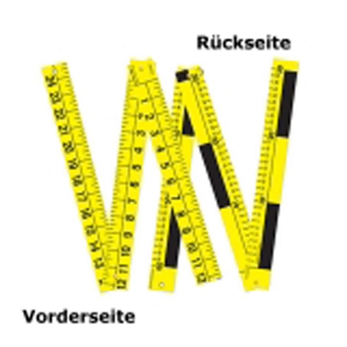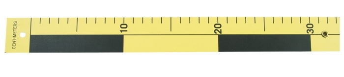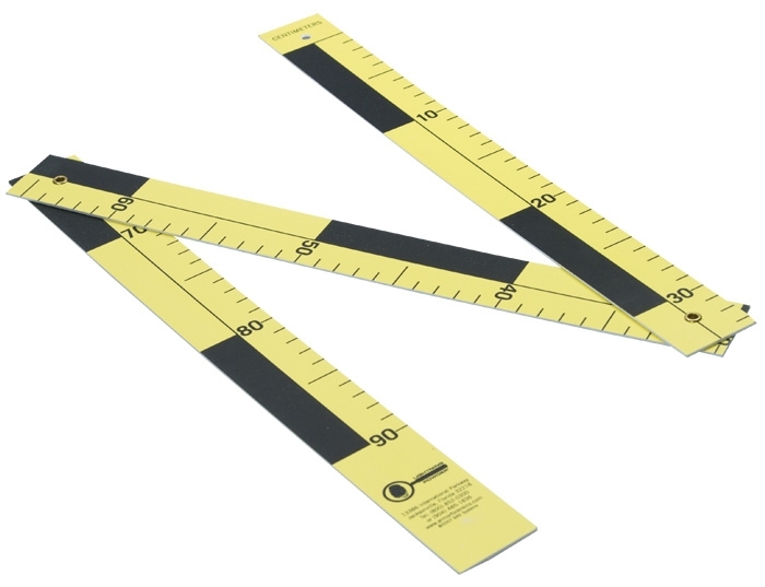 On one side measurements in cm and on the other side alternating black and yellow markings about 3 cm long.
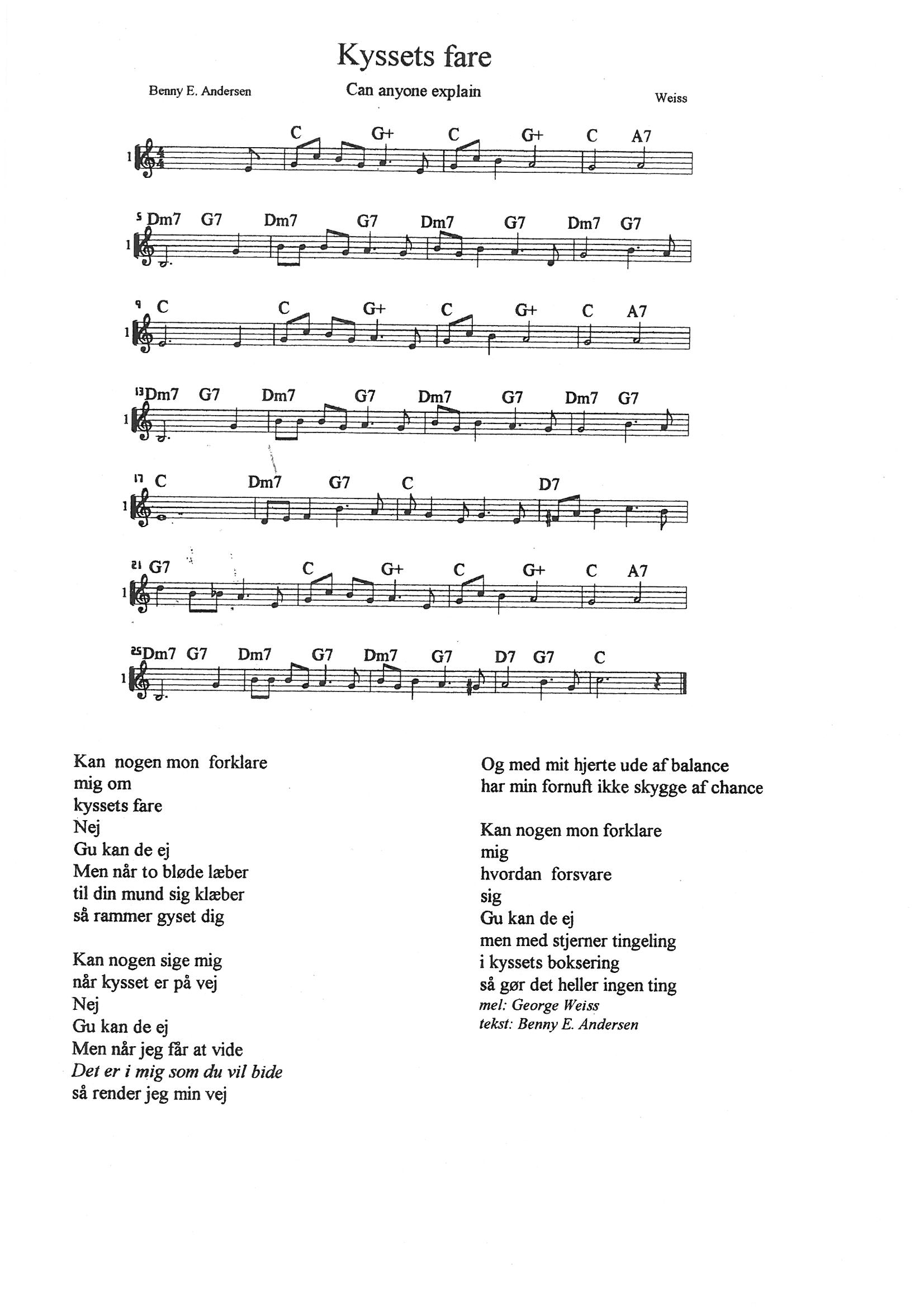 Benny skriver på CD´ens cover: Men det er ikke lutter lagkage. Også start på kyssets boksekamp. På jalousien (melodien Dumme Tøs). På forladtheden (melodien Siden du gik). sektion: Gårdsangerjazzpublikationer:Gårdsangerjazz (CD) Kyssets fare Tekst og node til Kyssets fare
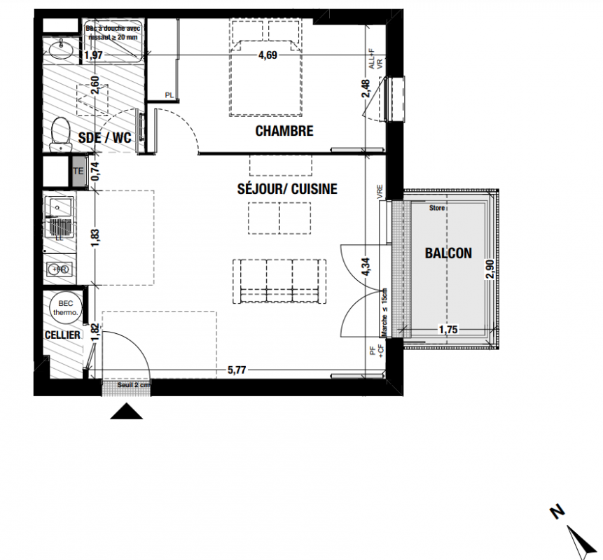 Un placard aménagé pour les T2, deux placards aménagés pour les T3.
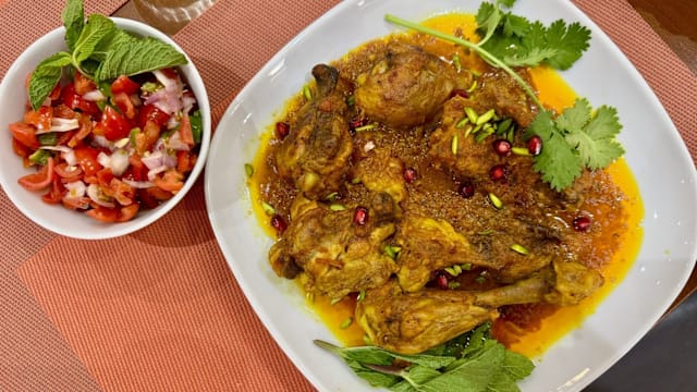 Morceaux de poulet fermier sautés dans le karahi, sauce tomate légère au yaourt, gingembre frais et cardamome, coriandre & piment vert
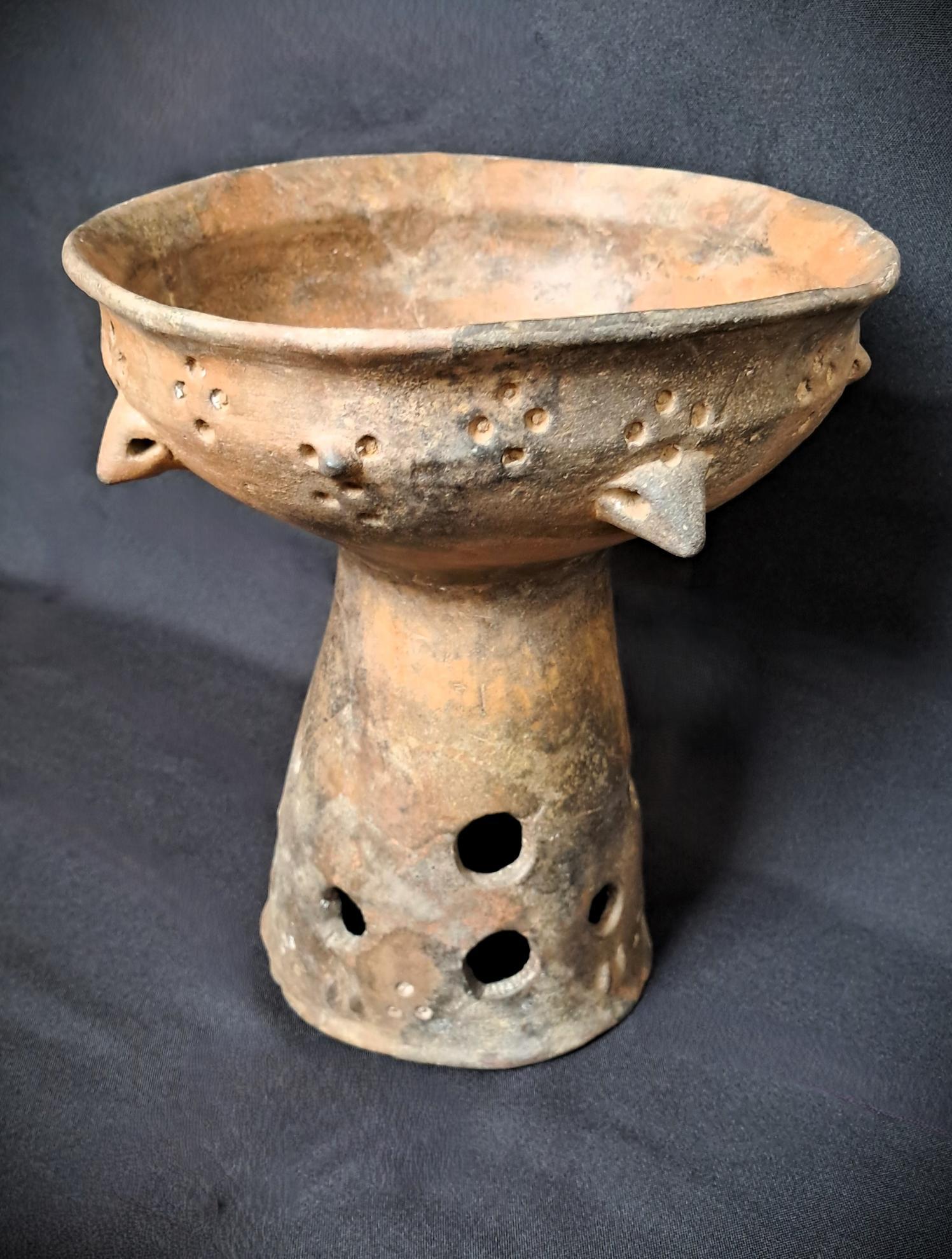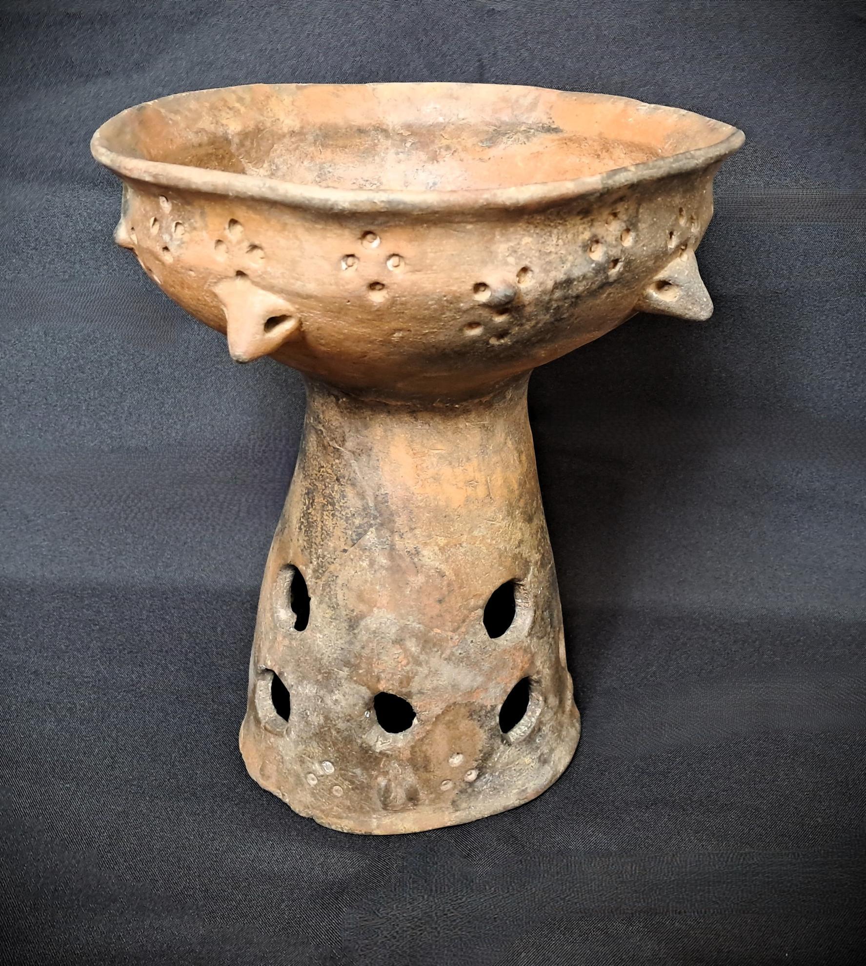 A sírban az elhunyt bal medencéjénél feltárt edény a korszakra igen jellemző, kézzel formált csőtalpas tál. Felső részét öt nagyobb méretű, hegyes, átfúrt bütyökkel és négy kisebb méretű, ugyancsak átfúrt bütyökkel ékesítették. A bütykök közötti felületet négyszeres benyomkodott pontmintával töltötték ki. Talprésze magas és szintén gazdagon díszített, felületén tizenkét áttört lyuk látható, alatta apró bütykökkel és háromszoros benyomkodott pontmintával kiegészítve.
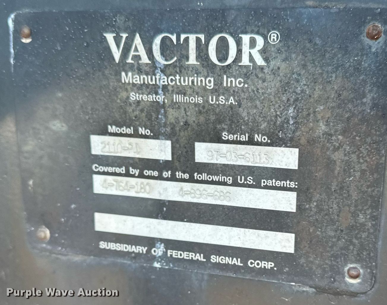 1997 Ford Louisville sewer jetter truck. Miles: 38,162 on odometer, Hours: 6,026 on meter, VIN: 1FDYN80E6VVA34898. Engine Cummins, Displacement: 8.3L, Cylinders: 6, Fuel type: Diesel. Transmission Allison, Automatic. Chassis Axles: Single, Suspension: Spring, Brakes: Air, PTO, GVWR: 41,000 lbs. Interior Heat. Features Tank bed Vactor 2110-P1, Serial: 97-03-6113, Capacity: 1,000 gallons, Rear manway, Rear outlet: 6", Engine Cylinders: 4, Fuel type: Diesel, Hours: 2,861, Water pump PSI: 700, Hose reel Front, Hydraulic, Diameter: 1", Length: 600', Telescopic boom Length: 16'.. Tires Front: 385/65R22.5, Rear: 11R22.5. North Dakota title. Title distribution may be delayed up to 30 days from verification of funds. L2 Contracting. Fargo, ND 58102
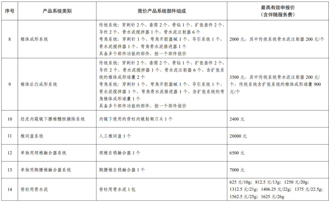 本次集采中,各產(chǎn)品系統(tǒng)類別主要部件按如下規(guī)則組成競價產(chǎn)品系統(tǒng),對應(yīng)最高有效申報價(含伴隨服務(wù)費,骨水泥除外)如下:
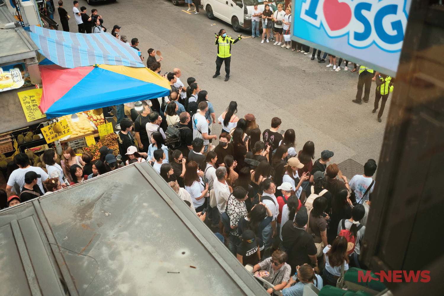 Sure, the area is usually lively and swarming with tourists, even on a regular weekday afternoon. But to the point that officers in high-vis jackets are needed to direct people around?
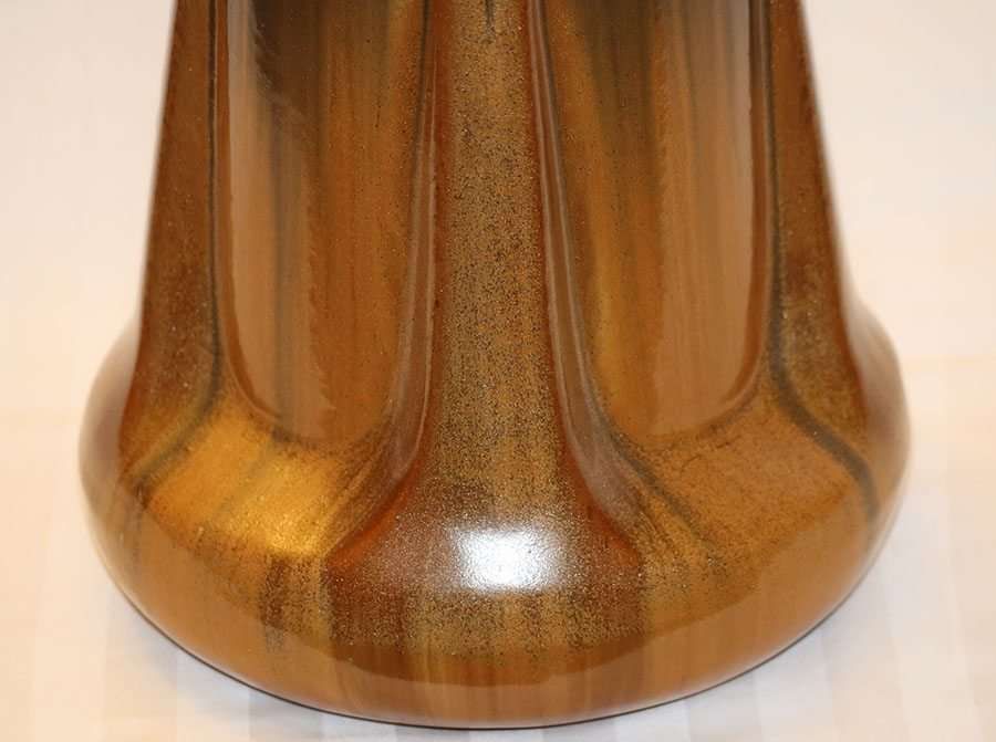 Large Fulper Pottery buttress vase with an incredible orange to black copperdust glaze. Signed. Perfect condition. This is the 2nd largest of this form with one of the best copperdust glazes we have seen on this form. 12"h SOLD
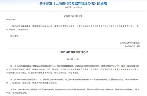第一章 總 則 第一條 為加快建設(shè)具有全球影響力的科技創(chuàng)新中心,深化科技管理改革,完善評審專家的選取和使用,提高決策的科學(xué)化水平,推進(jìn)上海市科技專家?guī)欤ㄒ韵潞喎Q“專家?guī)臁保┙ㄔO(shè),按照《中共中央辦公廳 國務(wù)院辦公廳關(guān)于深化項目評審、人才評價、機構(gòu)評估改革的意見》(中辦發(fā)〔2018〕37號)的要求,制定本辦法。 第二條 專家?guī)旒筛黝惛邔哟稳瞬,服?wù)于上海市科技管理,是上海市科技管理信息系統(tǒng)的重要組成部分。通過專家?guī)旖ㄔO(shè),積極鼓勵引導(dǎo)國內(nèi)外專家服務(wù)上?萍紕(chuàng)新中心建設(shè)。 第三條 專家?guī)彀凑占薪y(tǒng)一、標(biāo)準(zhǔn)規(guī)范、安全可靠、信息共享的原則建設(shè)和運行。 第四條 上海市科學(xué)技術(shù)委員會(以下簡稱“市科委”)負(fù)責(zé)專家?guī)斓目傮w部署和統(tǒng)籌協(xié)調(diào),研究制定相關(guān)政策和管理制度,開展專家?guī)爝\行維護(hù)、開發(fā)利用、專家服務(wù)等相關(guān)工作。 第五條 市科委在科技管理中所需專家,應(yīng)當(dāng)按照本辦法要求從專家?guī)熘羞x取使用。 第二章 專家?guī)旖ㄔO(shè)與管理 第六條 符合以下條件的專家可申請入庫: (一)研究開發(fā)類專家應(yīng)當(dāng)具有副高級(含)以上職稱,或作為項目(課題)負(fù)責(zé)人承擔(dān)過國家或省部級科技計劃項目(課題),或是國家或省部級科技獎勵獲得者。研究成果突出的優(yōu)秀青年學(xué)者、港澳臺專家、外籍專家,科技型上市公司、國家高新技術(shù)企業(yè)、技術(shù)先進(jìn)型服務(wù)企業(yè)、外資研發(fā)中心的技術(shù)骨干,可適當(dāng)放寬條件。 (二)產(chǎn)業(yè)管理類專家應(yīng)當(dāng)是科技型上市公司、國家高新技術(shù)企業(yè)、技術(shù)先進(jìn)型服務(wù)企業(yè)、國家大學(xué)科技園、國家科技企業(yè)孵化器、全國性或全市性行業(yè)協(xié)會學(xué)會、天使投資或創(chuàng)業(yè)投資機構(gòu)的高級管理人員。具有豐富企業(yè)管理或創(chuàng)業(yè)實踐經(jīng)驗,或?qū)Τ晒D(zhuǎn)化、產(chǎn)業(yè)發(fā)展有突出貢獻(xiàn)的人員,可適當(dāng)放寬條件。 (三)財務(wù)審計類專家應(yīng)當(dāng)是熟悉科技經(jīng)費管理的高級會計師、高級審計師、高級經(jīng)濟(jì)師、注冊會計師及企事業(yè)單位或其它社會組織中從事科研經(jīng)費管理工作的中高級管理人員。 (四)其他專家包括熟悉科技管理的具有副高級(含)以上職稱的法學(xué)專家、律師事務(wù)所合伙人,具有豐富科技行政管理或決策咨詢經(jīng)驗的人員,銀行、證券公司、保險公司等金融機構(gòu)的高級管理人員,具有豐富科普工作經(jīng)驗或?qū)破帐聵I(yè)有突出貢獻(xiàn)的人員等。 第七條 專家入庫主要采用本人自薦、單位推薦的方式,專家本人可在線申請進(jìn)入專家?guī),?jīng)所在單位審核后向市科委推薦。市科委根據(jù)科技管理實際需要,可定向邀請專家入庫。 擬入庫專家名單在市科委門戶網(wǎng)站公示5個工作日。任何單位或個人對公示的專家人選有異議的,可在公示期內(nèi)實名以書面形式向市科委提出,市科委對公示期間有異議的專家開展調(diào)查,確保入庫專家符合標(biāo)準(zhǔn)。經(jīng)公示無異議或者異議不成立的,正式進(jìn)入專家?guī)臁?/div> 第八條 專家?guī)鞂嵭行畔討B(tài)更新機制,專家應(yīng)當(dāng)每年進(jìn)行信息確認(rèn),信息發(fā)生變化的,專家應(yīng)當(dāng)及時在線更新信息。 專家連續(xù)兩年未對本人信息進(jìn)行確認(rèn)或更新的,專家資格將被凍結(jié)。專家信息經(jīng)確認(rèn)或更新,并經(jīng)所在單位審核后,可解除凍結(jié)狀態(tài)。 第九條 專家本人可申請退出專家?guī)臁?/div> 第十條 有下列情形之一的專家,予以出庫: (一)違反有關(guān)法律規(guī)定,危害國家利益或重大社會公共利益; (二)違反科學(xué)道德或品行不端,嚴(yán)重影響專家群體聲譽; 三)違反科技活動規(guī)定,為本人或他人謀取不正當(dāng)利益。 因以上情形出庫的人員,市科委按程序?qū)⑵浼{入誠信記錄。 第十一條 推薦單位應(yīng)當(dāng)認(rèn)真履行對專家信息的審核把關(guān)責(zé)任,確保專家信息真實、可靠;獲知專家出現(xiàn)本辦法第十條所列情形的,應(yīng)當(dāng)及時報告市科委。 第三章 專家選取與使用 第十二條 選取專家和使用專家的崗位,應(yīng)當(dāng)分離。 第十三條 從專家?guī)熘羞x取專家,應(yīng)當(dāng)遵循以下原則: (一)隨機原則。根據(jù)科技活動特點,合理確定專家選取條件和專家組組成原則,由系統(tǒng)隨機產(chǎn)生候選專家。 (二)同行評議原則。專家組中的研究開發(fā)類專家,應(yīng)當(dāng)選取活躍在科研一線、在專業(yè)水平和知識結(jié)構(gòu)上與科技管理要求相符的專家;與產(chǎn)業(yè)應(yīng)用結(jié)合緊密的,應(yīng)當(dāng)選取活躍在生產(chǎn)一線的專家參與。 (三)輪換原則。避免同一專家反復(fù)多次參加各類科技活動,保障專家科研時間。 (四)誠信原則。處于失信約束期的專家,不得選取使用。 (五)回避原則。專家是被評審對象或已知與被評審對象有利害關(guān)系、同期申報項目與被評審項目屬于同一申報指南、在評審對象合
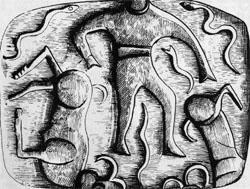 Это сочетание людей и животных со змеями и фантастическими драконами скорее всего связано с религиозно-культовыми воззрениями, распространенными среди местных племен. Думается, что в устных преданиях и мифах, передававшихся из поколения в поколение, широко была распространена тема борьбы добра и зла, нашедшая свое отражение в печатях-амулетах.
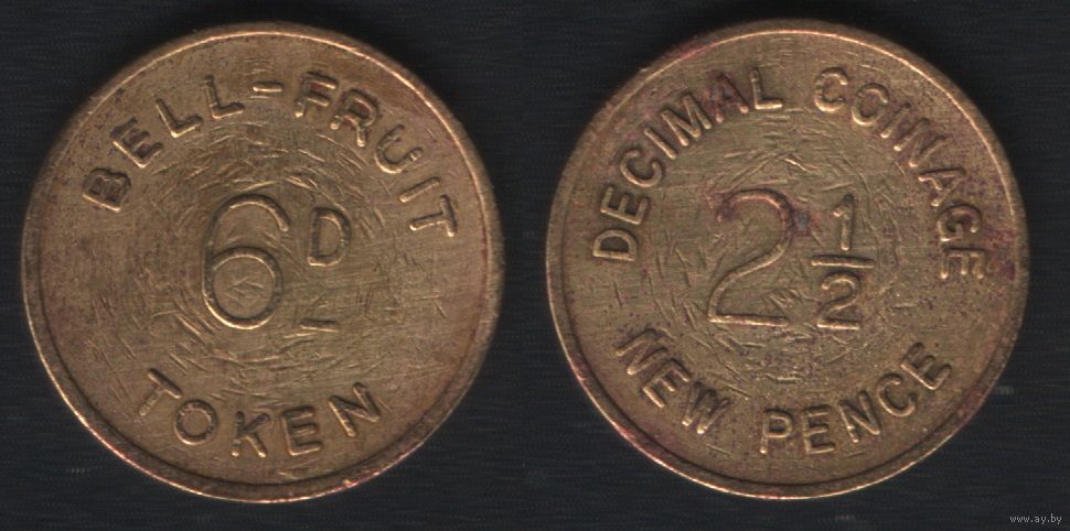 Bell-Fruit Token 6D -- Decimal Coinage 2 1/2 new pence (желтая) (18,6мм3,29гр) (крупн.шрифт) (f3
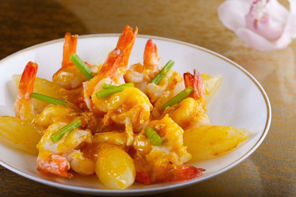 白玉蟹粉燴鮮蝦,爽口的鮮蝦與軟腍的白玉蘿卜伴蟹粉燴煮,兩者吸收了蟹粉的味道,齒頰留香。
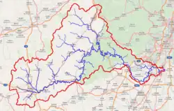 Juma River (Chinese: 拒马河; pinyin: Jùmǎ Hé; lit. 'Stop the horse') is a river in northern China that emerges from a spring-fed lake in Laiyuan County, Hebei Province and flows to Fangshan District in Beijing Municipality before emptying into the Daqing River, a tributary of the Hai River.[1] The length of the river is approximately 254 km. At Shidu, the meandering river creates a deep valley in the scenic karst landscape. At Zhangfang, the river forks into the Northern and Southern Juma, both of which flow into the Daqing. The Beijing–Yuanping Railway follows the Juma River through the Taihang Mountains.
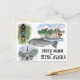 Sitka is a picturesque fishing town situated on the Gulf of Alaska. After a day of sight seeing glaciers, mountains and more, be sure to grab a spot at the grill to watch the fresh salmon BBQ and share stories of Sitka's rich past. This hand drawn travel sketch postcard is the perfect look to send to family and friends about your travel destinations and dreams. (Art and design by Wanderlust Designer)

• Exercise objective:
Could you set down, exactly as written, every line from the start of the records above through the line containing "Morceaux de poulet", leaving the pictures out?

• The answer:
 On one side measurements in cm and on the other side alternating black and yellow markings about 3 cm long.
 Benny skriver på CD´ens cover: Men det er ikke lutter lagkage. Også start på kyssets boksekamp. På jalousien (melodien Dumme Tøs). På forladtheden (melodien Siden du gik). sektion: Gårdsangerjazzpublikationer:Gårdsangerjazz (CD) Kyssets fare Tekst og node til Kyssets fare
 Un placard aménagé pour les T2, deux placards aménagés pour les T3.
 Morceaux de poulet fermier sautés dans le karahi, sauce tomate légère au yaourt, gingembre frais et cardamome, coriandre & piment vert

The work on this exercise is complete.